PROBLEM TO SOLVE :: Below is a listing; write it out exactly and drop any images from it.

COLLECTED DATA ::
::::

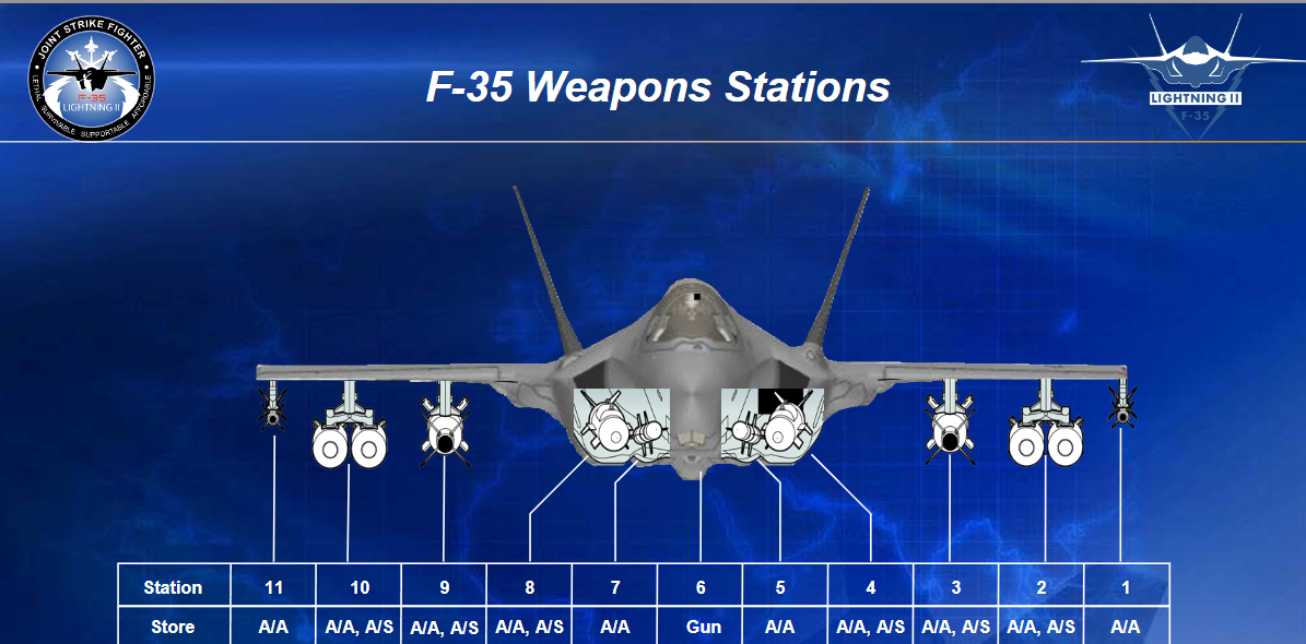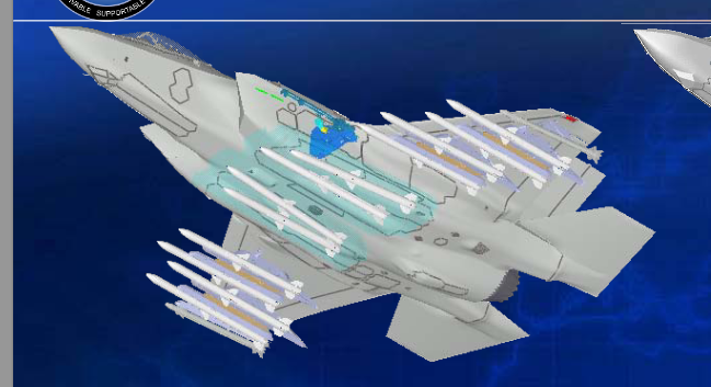 Upon a closer look it seems the F-35 could actually mount more missiles than the EFT with Sidekick upgrade. 6 inside the bay, and 3 on each wing? That’s a total of 12 BVR missiles
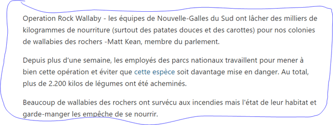 C est pas honteux ça? et on est surement pas les seuls.On entend rien des USA riche pays(trump s en vante assez) ni de la russie ,ni des émirats arabes,rois du pétrole.Des tweers et articles dans les journaux ca vi.Les discours n apportent rien,les actes vi !!!!!!!!!!! non ,je me présenterai jamais a une élection et je ne vote plus,malgré l obligation depuis 15 ans.Une bande de parvenus pourri qui s en fiche pas mal des animaux.Enfin hier,la pluie est enfin apparue la bas et 2 feux qui s étaient fusionnés ont été maitrisés.C est la bonne nouvelle,si je puis dire.Ces pompiers de la bas qui luttent pendant des heures,des jours,au péril de leurs vies sont des héros,de véritables héros et un énorme chapeau pour eux. gigi397
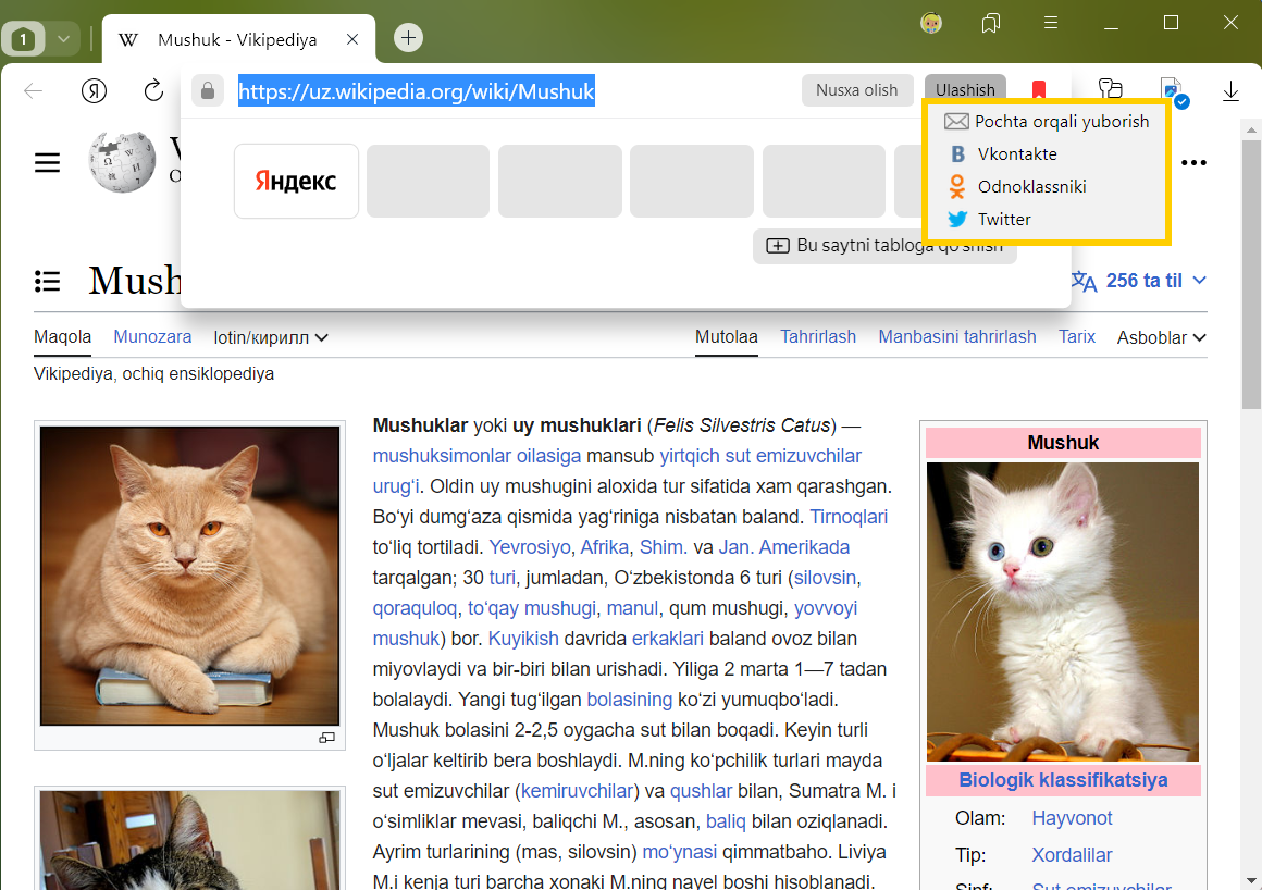 • Sahifa havolasini do‘stlar bilan baham ko‘rish uchun Baham ko‘rish tugmasini bosing va ijtimoiy tarmoq yoki pochtani tanlang.

::::

ANSWER TO THIS EXERCISE ::
 Upon a closer look it seems the F-35 could actually mount more missiles than the EFT with Sidekick upgrade. 6 inside the bay, and 3 on each wing? That’s a total of 12 BVR missiles
 C est pas honteux ça? et on est surement pas les seuls.On entend rien des USA riche pays(trump s en vante assez) ni de la russie ,ni des émirats arabes,rois du pétrole.Des tweers et articles dans les journaux ca vi.Les discours n apportent rien,les actes vi !!!!!!!!!!! non ,je me présenterai jamais a une élection et je ne vote plus,malgré l obligation depuis 15 ans.Une bande de parvenus pourri qui s en fiche pas mal des animaux.Enfin hier,la pluie est enfin apparue la bas et 2 feux qui s étaient fusionnés ont été maitrisés.C est la bonne nouvelle,si je puis dire.Ces pompiers de la bas qui luttent pendant des heures,des jours,au péril de leurs vies sont des héros,de véritables héros et un énorme chapeau pour eux. gigi397
 • Sahifa havolasini do‘stlar bilan baham ko‘rish uchun Baham ko‘rish tugmasini bosing va ijtimoiy tarmoq yoki pochtani tanlang.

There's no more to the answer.